= Friedrich Julius Rosenbach =

German physician and microbiologist

Friedrich Julius Rosenbach (16 December 1842 – 6 December 1923), also known as Anton Julius Friedrich Rosenbach, was a German physician and microbiologist. He is credited for differentiating Staphylococcus aureus and Staphylococcus albus, which is now called Staphylococcus epidermidis, in 1884. He also described and named Streptococcus pyogenes. Rosenbach's disease is also named in his honor.

==Biography==
Rosenbach was born in Grohnde an der Weser on 16 December 1842. He studied in Heidelberg, Göttingen, Vienna, Paris, and Berlin. He obtained his doctorate in 1867. He married Franziska Merkel on 12 May 1877. Rosenbach died on 6 December 1923 in Göttingen.

==Literature==
- Ueber einige pathologische Veränderungen nach subcutaner Injection von Quecksilber bei Thieren (Kaninchen). Doctoral dissertation, 1867. Also in [Henle and Pfeuffer's] Zeitschrift für rationelle Medicin, Leipzig and Heidelberg.
- Untersuchungen über den Einfluss von Carbolsäure gegen das Zustandekommen der pyämischen und putriden Infection bei Tieren. Habilitation thesis for Privatdozent, Göttingen, 1872.
- Mikro-Organismen bei den Wund-infections-krankheiten des Menschen. Wiesbaden, J. F. Bergmann, 1884.
- Zur Aetiologie des Wundstarrkrampfes der Menschen. Verhandlungen der deutschen Gesellschaft für Chirurgie, Berlin, 1886.
- Über das Erysipeloid. Verhandlungen der Deutschen Gesellschaft für Chirurgie, 1887.
- Experimentelle Beiträge zur Frage: Kann Eiterung ohne Mitbetheiligung von Microorganismen durch todte Stoffe entstehen? With Kreibohm. Verhandlungen der deutschen Gesellschaft für Chirurgie, 1888.
- Der Hospitalbrand. Deutsche Chirurgie, volume 6, Stuttgart 1888.
- Über die tieferen eiternden Schimmelerkrankungen der Haut und deren Ursachen. Wiesbaden, 1894.
- Über die tiefen und eiternden Trichophyton-Erkrankungen und deren Krankheitserreger. Transactions of the Third International Congress of Dermatology, London, 1896.
- Behandlung der Gangrän und Phlegmon in Umgebung der Mundhöhle, Noma, Phlegmonen; Angina Ludovici, gewöhnl.
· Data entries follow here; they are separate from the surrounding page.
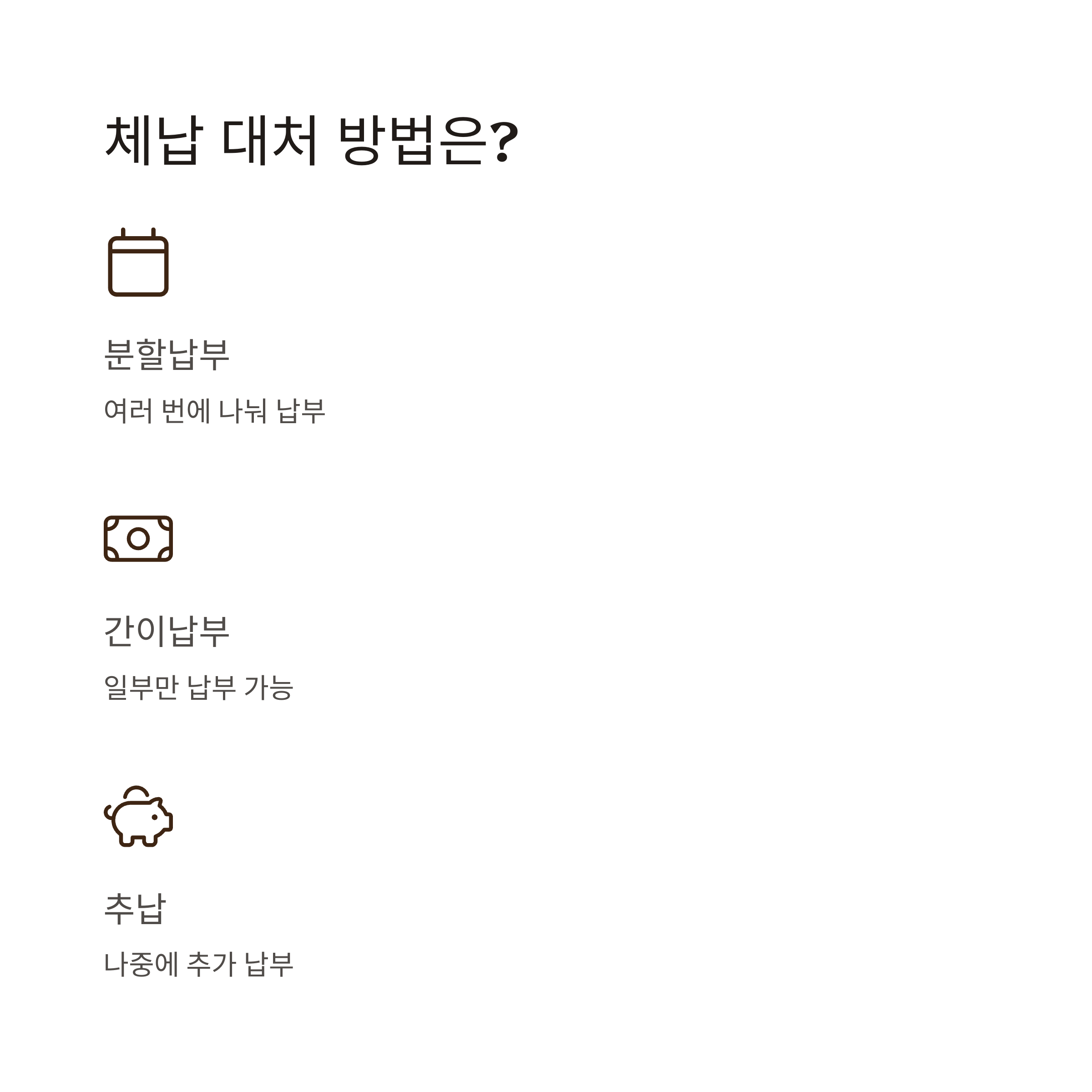 | 해결 방법 | 분할납부, 추납, 간이납부, 이의신청 |
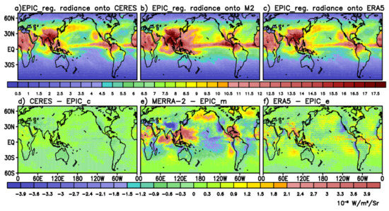 Global distribution of the regressed DSCOVR/EPIC shortwave radiance (10−8 W m−2 Sr−1) (no inclusion of contribution from error term) onto (a) CERES, (b) MERRA-2, and (c) ERA5 radiance in boreal spring 2017. Distribution of differences in radiance between (d) CERES and regressed EPIC radiance onto CERES (EPIC_c), (e) MERRA-2 and regressed EPIC radiance onto MERRA-2 (EPIC_m), and (f) ERA5 and regressed EPIC radiance onto ERA5 (EPIC_e). Differences are regridded onto 1° longitude ×1° latitude grid.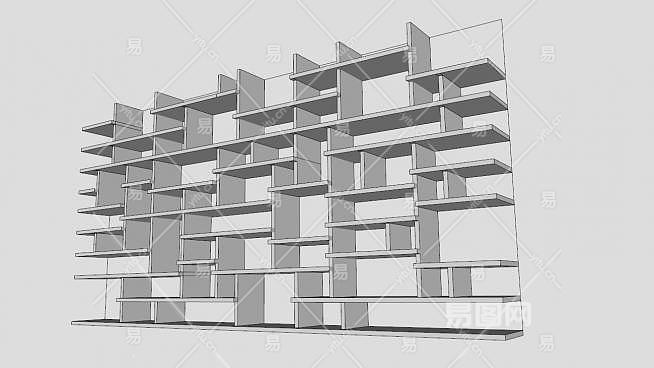 图书馆白色书柜SU模型下载_sketchup草图大师SKP模型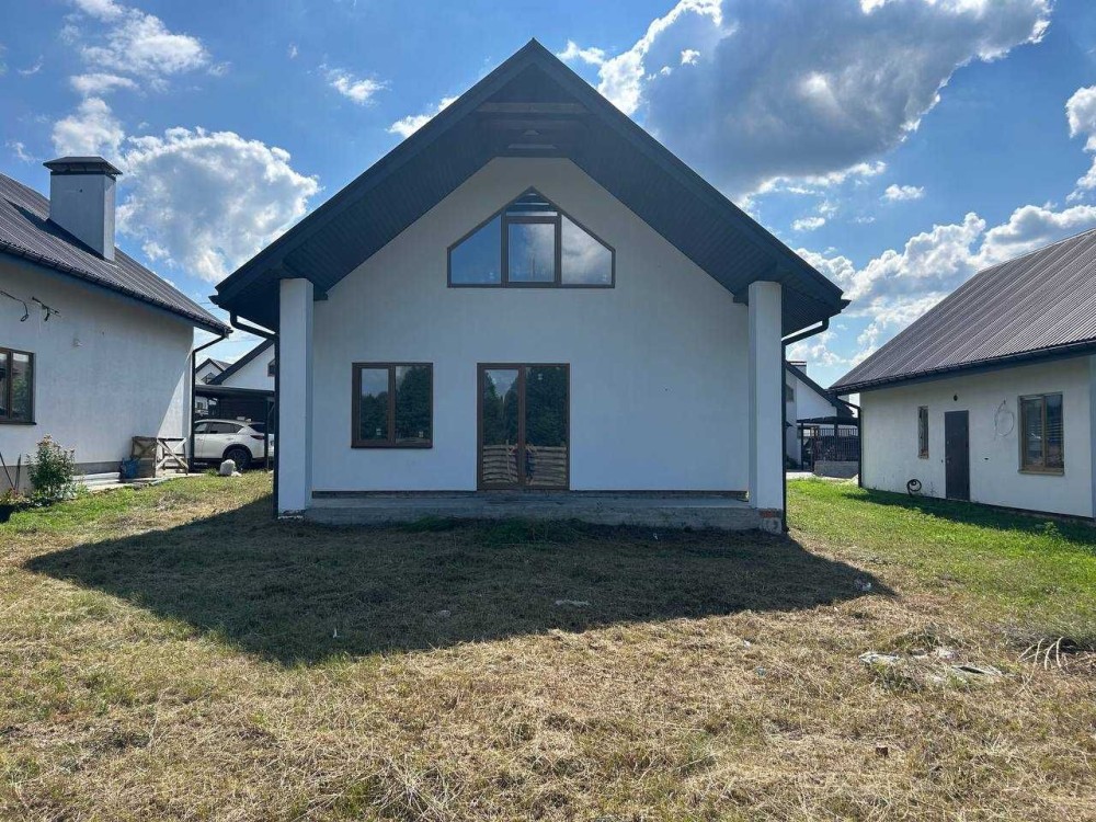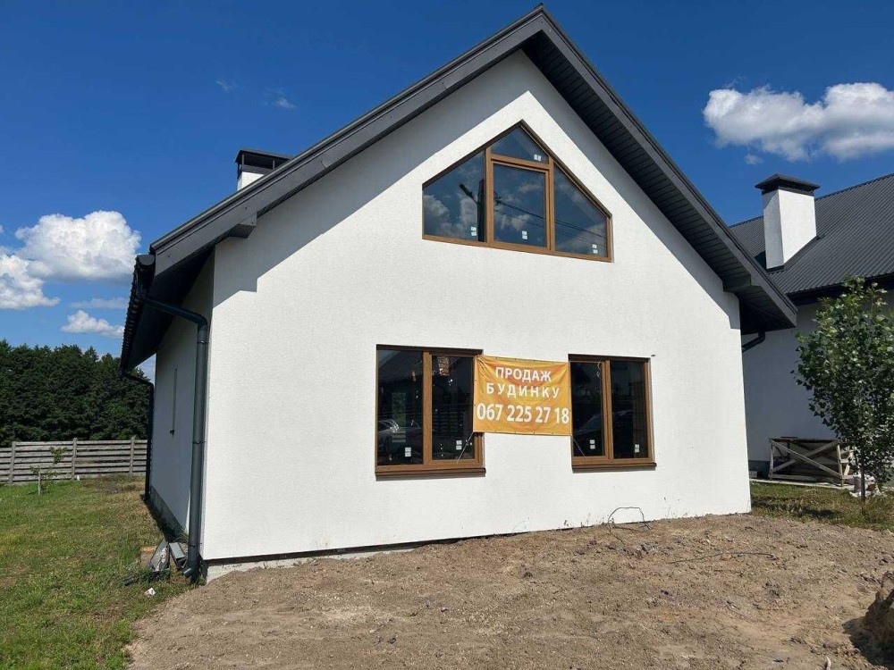 Продається новий індивідуальний житловий будинок котеджного типу загальною площею 131 м.кв. під чистове оздоблення, розташований в селі Крячки Фастівського (колишнього Васильківського) району Київської області на території нового житлового масиву із сучасною котеджною забудовою, що перебуває на відстані 20 км від станції метро «Теремки» міста Києва та за 1,5 км від міста Васильків. Житловий будинок складається з першого та мансардного поверхів. Загальна площа будинку із допоміжними спорудами становить 173,1 м.кв., з яких: а) площа будинку ‒ 131,0 м.кв., у тому числі житлова (основна) ‒ 94,1 м.кв. та допоміжна (підсобна) ‒ 39,6 м.кв.; б) площа тераси – 23,1 м.кв.; в) площа трьох балконів – 13,4 м.кв. (5,8 + 4,9 +2,7 м.кв.); площа ґанку – 5,6 м.кв. Котедж вміщує в собі 5 (п’ять) доволі просторих кімнат, 2 (два) санвузли (на кожному із поверхів), 1 (одне) технічне приміщення (котельня або бойлерна), 2 (два) коридори, 1 (одну) вітальню із виділеною еркером обідньою зоною, що поєднана з кухнею. Із вітальні є окремий вихід на велику терасу, з якої відкривається затишний вигляд на внутрішній двір. Кожна з трьох мансардних кімнат має окремий вихід на балкон. Над усією площею мансардного поверху розташоване містке горищне приміщення. Будинок приєднаний до електропостачання потужністю ‒ 12кВт (3 окремих фази). Має свердловину глибиною 55 метрів із фактичним дебітом (спроможною потужністю) ‒ 2,5 м.куб./год. та каналізацію септик з переливом на 11 м.куб. На усій площі першого (крім житлової кімнати) та у санвузлі мансардного поверхів встановлена система водяної теплої підлоги фірми «Rehau». По котеджу розведені: опалення, водопостачання і каналізація. В будинку передбачена можливість встановлення камінної топки, а також приєднання котеджу до газорозподільної мережі та всесвітньої мережі Інтернет. Індивідуальний житловий будинок розташований на земельній ділянці площею 0,075га з цільовим призначенням – (02.01) для будівництва і обслуговування житлового будинку, господарських будівель і споруд (присадибна ділянка). Під житловою забудовою перебуває 0,0115га земельної ділянки, решта 0,0635га займає просторий двір. Кадастровий номер земельної ділянки: 3221487004:03:006:0328. Земельна ділянка огороджена парканом із монолітного фундаменту, що опорядковане металевим штахетом із обох боків та металевим профілем з тильної та фасадної сторін. Заїзд у двір має відкатні ворота. На території двору (перед будинком) облаштоване загальне паркомісце на 2 (два) автомобіля, решта двору засіяне газонною травою. Котедж побудований з якісних матеріалів за проектом європейського архітектурного бюро. Так, фундамент, перекриття та міжповерхові сходи ‒ монолітні. Стіни будинку збудовані з газоблоку AEROC D500 (товщиною 300мм), що утеплений пінопластом 100мм. Внутрішні міжкімнатні перегородки виконані із цегли. Дах ‒ металочерепиця фірми «Ruukki», що утеплений мінераловатними плитами загальною товщиною 200мм. Вікна вироблені з профілю фірми «Rehau» серії EVRO 70. Фасад котеджу покритий акриловою штукатуркою. Будинок за усім периметром має вимощення шириною 0,9 метри, що облаштоване фігурними елементами мощення (ФЕМ). Зручне ергономічне планування будинку, а також наявність високих стель обох поверхів дає можливість відчувати себе вільно і затишно. Завдяки правильному утепленню зовнішніх стін будинку, у ньому прохолодно влітку та тепло вз
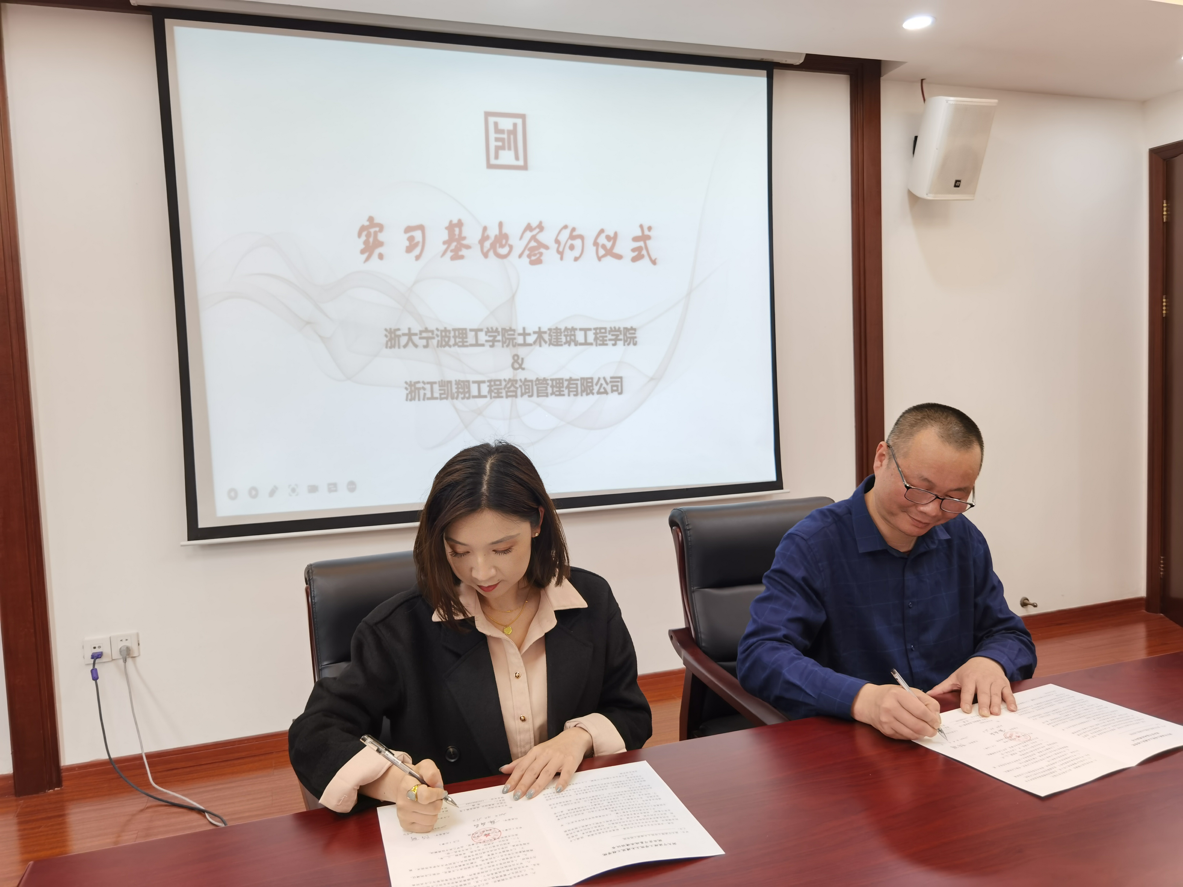 浙大宁波理工学院土木建筑工程学院党委副书记韩晶晶、思政主管张腾,浙江凯翔工程咨询管理有限公司总经理史乐、副总经理王凯翔等出席签约仪式,并开展座谈交流。

Phlegm., Scharlachphlegmon, Glossitis, Hemiglossitisphlegmon. Chapter in Handbuch der Therapie innerer Krankheiten, by Franz Penzoldt and Roderich Stintzing, 1898.
- Chirurgische Knochen- und Gelenkkrankheiten. Chapter in Handbuch der praktischen Medizin, edited by Wilhelm Ebstein (1836-1912) and Gustav Albert Schwalbe (1844-1916).
- Biography in H. R. Grote: Die Medizin der Gegenwart in Selbstdarstellungen. Leipzig, 1923; volume 2, page 187.